== WORK TASK ==
With the pictures excluded, reproduce all of the data exactly.

--- GIVEN DATA Enclosed Below ---

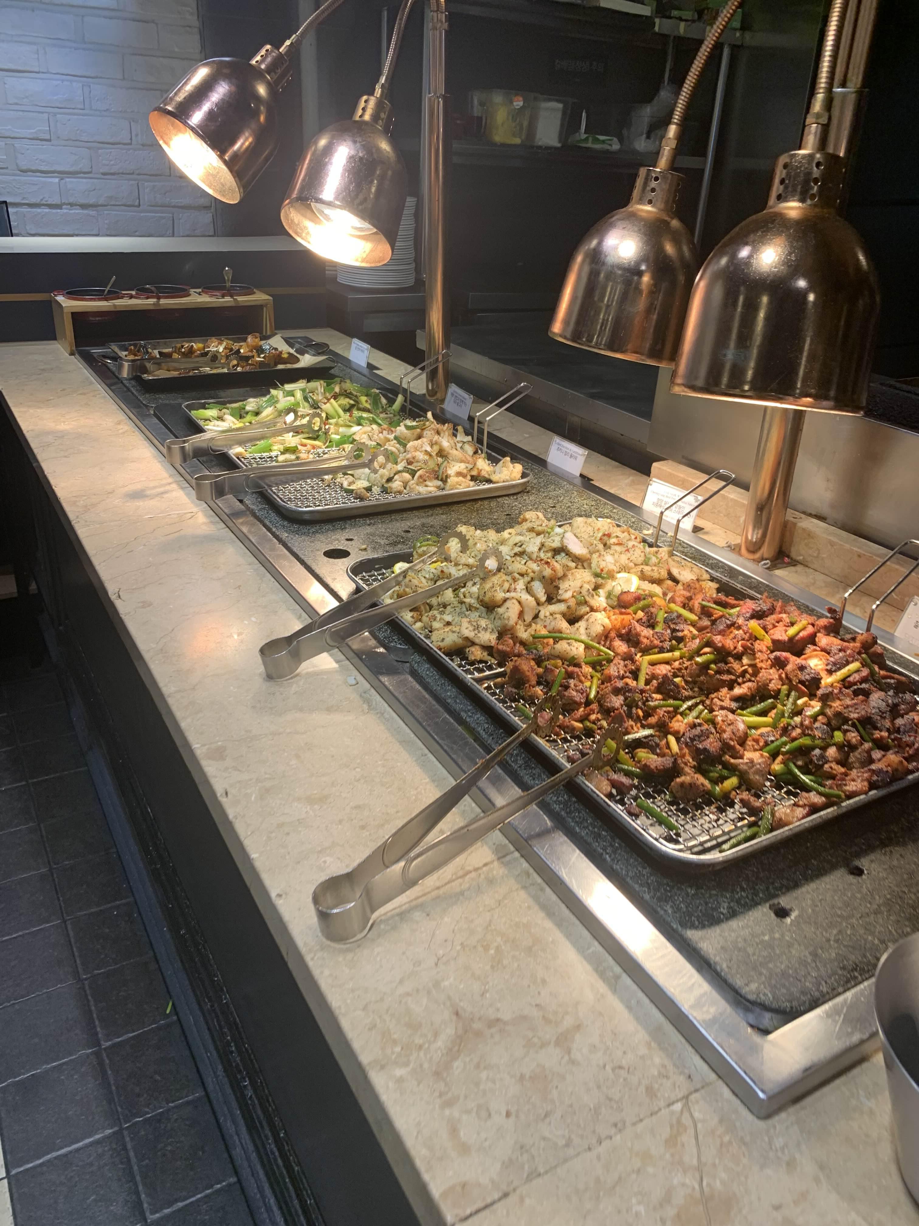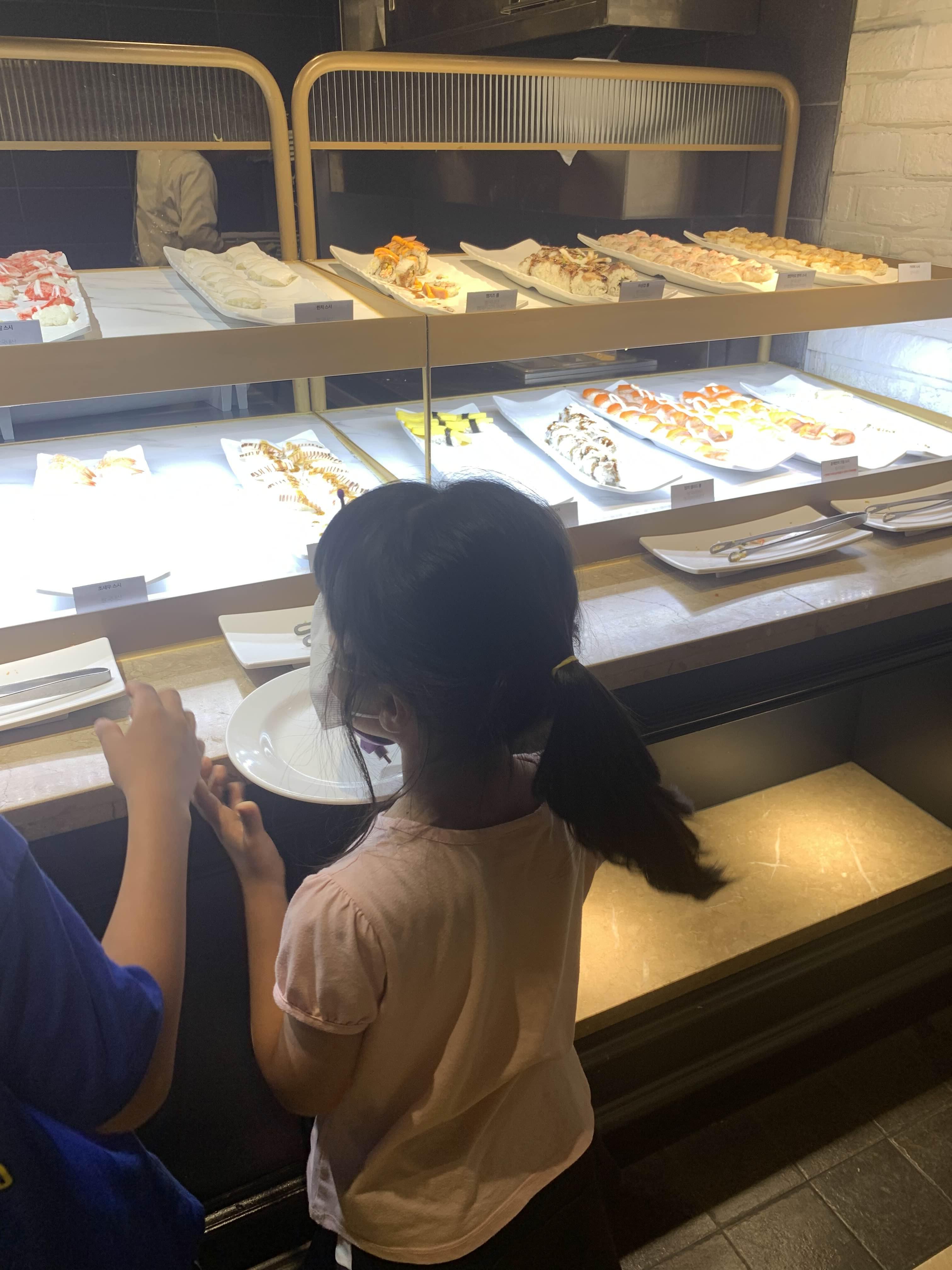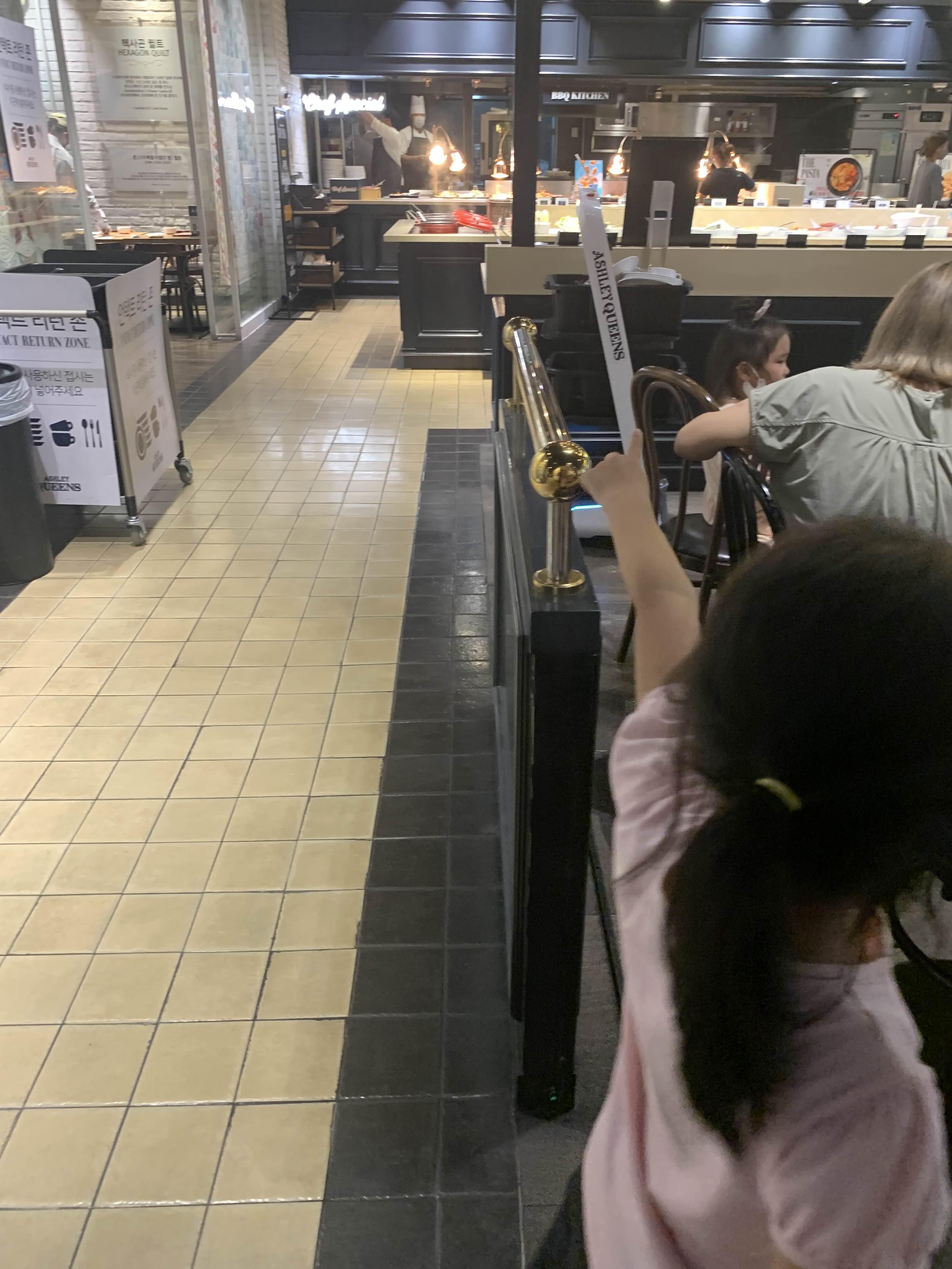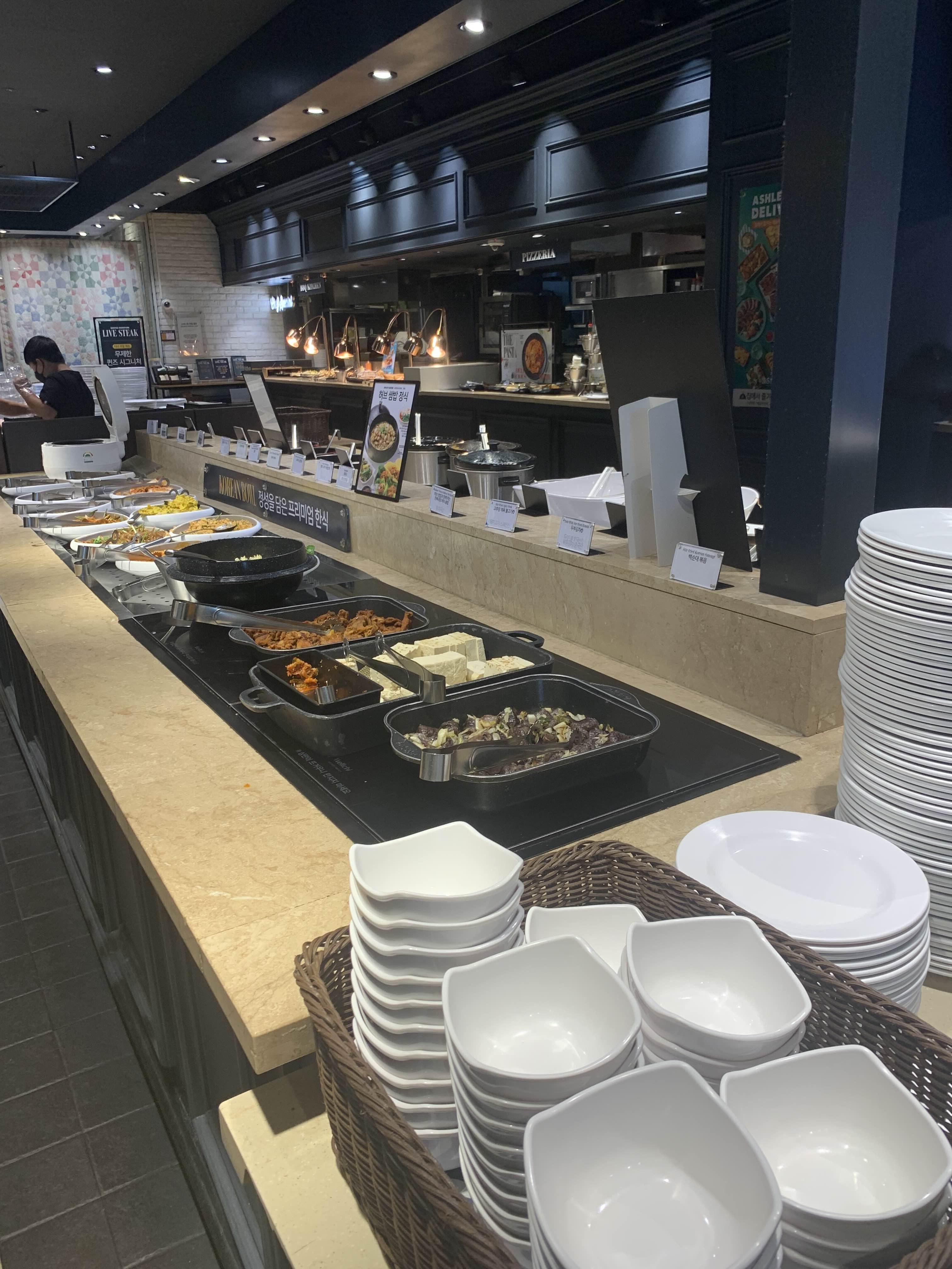 초등학생이 음식을 담기에는 그릇이 좀 높게 설치되어 있었다. 아이들에게는 배식하기 좀 부담스러운 높이이다. 음식도 아이들 구성이라기보다는 성인 20~30대 위주로 구성되었다는 느낌이 강하다. 손님들도 20~30대 손님들이 많이 보인다. 아이들에게는 애슐리보다는 쿠우 쿠우가 더 손이 가는 음식들이 있는 거 같다. 나에게는 애슐리나 쿠우쿠우나.. 비슷비슷하다.
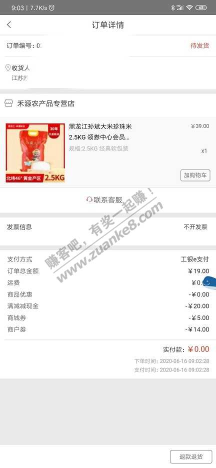 昨天没上融E购,今天一个0元单
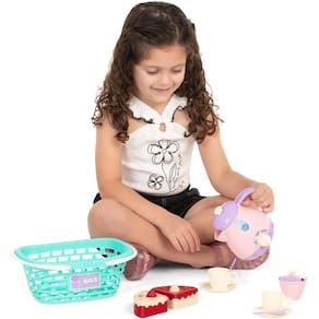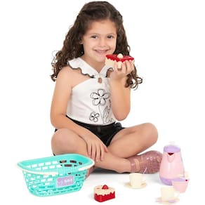 A Hora do Café traz tudo o que os pequenos precisam para criar momentos deliciosos de faz de conta. Aqui temos um kit de café completo com xícaras, pratinhos, colheres, açucareiro e um bule que pra manter o café quentinho o dia todo, garantindo a experiência perfeita para servir e compartilhar. E, claro, não poderia faltar um bolo delicioso recém saído do forninho para deixar tudo ainda mais gostoso! Tudo isso pode ser organizado numa cestinha charmosa, facilitando o transporte e garantindo que a brincadeira possa acontecer em qualquer lugar. Contém: 1 Cesta com alças 2 Xícaras 2 Pratos 3 Colheres 1 Açucareiro 1 Bule 2 Fatias de bolo
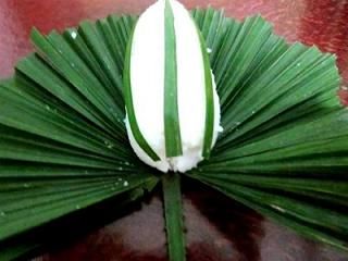Nắm cơm được nắm bằng lá cọ trắng mịn hình trái bưởi có những đường sọc đều đặn của gân lá cọ trông đẹp mắt. Dùng dao cắt ra từng miếng cơm trắng mịn, bùi ngọt, thơm mùi gạo quê lẫn mùi lá cọ Cơm nắm lá cọ chấm với muối vừng, muối sả hay sườn lợn rang muối đều rất ngon.
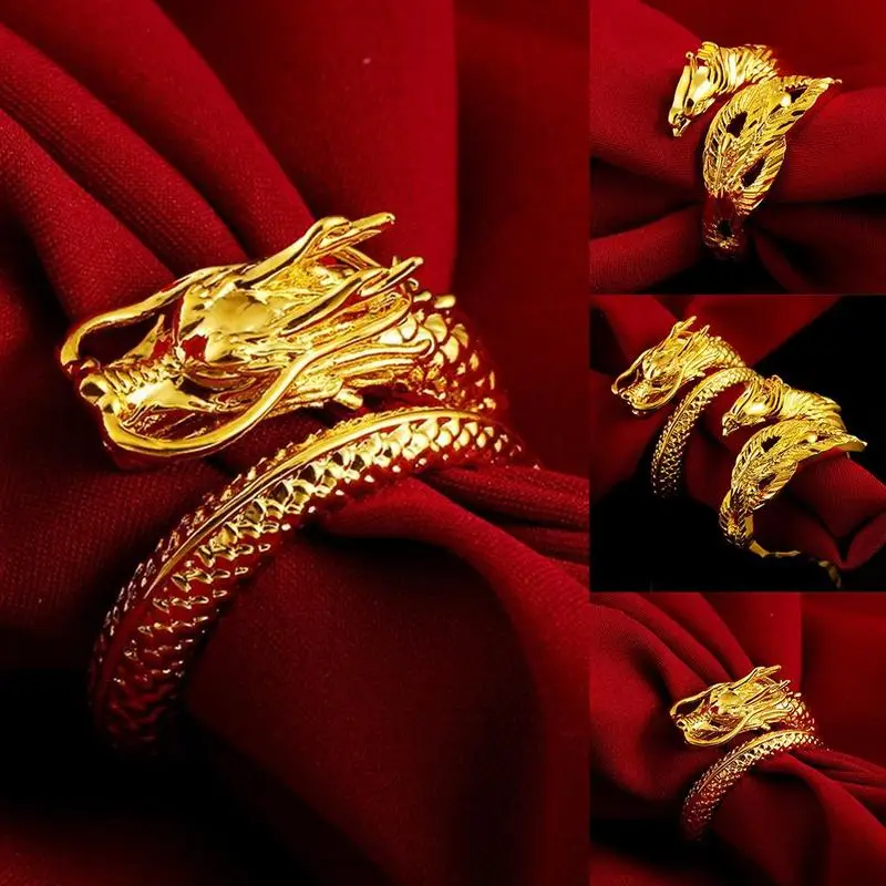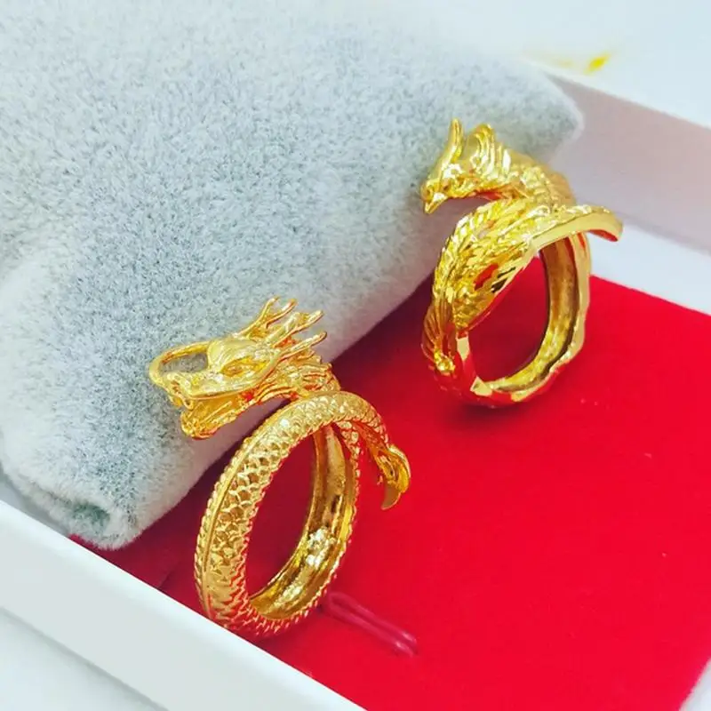 Кольцо с драконом и Фениксом для пар открытое регулируемое ювелирное изделие - купить
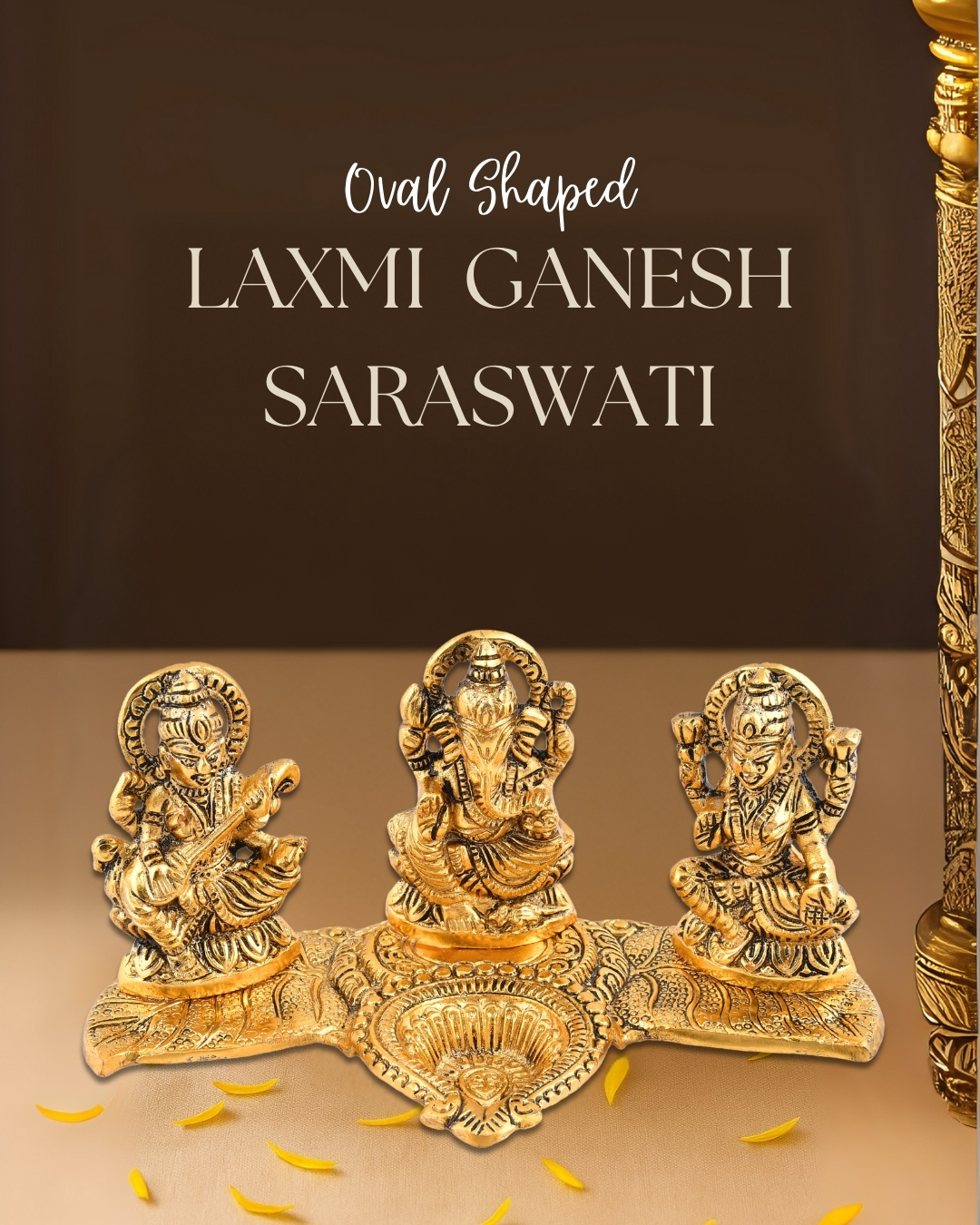 • Divine Trio Idol: Features Goddess Lakshmi (prosperity), Lord Ganesha (wisdom & success), and Goddess Saraswati (knowledge) seated together on an oval-shaped base.
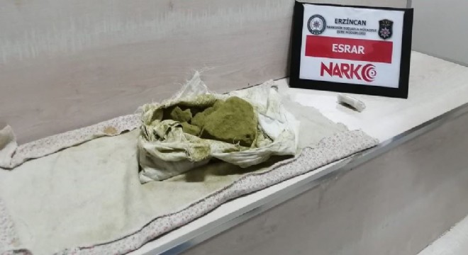 Erzincan İl Emniyet Müdürlüğüne bağlı Narkotik Suçlarla Mücadele Şube Müdürlüğü görevlilerince uyuşturucu madde kullanımının ve ticaretinin önlenmesine yönelik yürütülen çalışmalar kapsamında; Erzurum-Erzincan karayolu üzerindeki Akyazı mevkiinde 34 plakalı araç durduruldu. Araç sürücüsü Y.E.B. (30) isimli şahıs üzerinde yapılan üst aramasında 4,80 gram, araçta yapılan aramada ise 402,21 gram olmak üzere toplamda 407,01 gram toz esrar maddesi ele geçirildi.
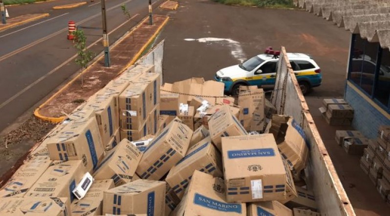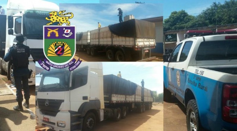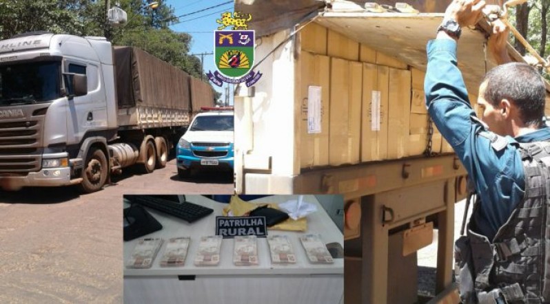 Policiais Militares da Patrulha Rural apreendem carreta com 40 mil pacotes de cigarros.

--- End of Enclosed GIVEN DATA ---

== TASK ANSWER ==
 초등학생이 음식을 담기에는 그릇이 좀 높게 설치되어 있었다. 아이들에게는 배식하기 좀 부담스러운 높이이다. 음식도 아이들 구성이라기보다는 성인 20~30대 위주로 구성되었다는 느낌이 강하다. 손님들도 20~30대 손님들이 많이 보인다. 아이들에게는 애슐리보다는 쿠우 쿠우가 더 손이 가는 음식들이 있는 거 같다. 나에게는 애슐리나 쿠우쿠우나.. 비슷비슷하다.
 昨天没上融E购,今天一个0元单
 A Hora do Café traz tudo o que os pequenos precisam para criar momentos deliciosos de faz de conta. Aqui temos um kit de café completo com xícaras, pratinhos, colheres, açucareiro e um bule que pra manter o café quentinho o dia todo, garantindo a experiência perfeita para servir e compartilhar. E, claro, não poderia faltar um bolo delicioso recém saído do forninho para deixar tudo ainda mais gostoso! Tudo isso pode ser organizado numa cestinha charmosa, facilitando o transporte e garantindo que a brincadeira possa acontecer em qualquer lugar. Contém: 1 Cesta com alças 2 Xícaras 2 Pratos 3 Colheres 1 Açucareiro 1 Bule 2 Fatias de bolo
Nắm cơm được nắm bằng lá cọ trắng mịn hình trái bưởi có những đường sọc đều đặn của gân lá cọ trông đẹp mắt. Dùng dao cắt ra từng miếng cơm trắng mịn, bùi ngọt, thơm mùi gạo quê lẫn mùi lá cọ Cơm nắm lá cọ chấm với muối vừng, muối sả hay sườn lợn rang muối đều rất ngon.
 Кольцо с драконом и Фениксом для пар открытое регулируемое ювелирное изделие - купить
 • Divine Trio Idol: Features Goddess Lakshmi (prosperity), Lord Ganesha (wisdom & success), and Goddess Saraswati (knowledge) seated together on an oval-shaped base.
 Erzincan İl Emniyet Müdürlüğüne bağlı Narkotik Suçlarla Mücadele Şube Müdürlüğü görevlilerince uyuşturucu madde kullanımının ve ticaretinin önlenmesine yönelik yürütülen çalışmalar kapsamında; Erzurum-Erzincan karayolu üzerindeki Akyazı mevkiinde 34 plakalı araç durduruldu. Araç sürücüsü Y.E.B. (30) isimli şahıs üzerinde yapılan üst aramasında 4,80 gram, araçta yapılan aramada ise 402,21 gram olmak üzere toplamda 407,01 gram toz esrar maddesi ele geçirildi.
 Policiais Militares da Patrulha Rural apreendem carreta com 40 mil pacotes de cigarros.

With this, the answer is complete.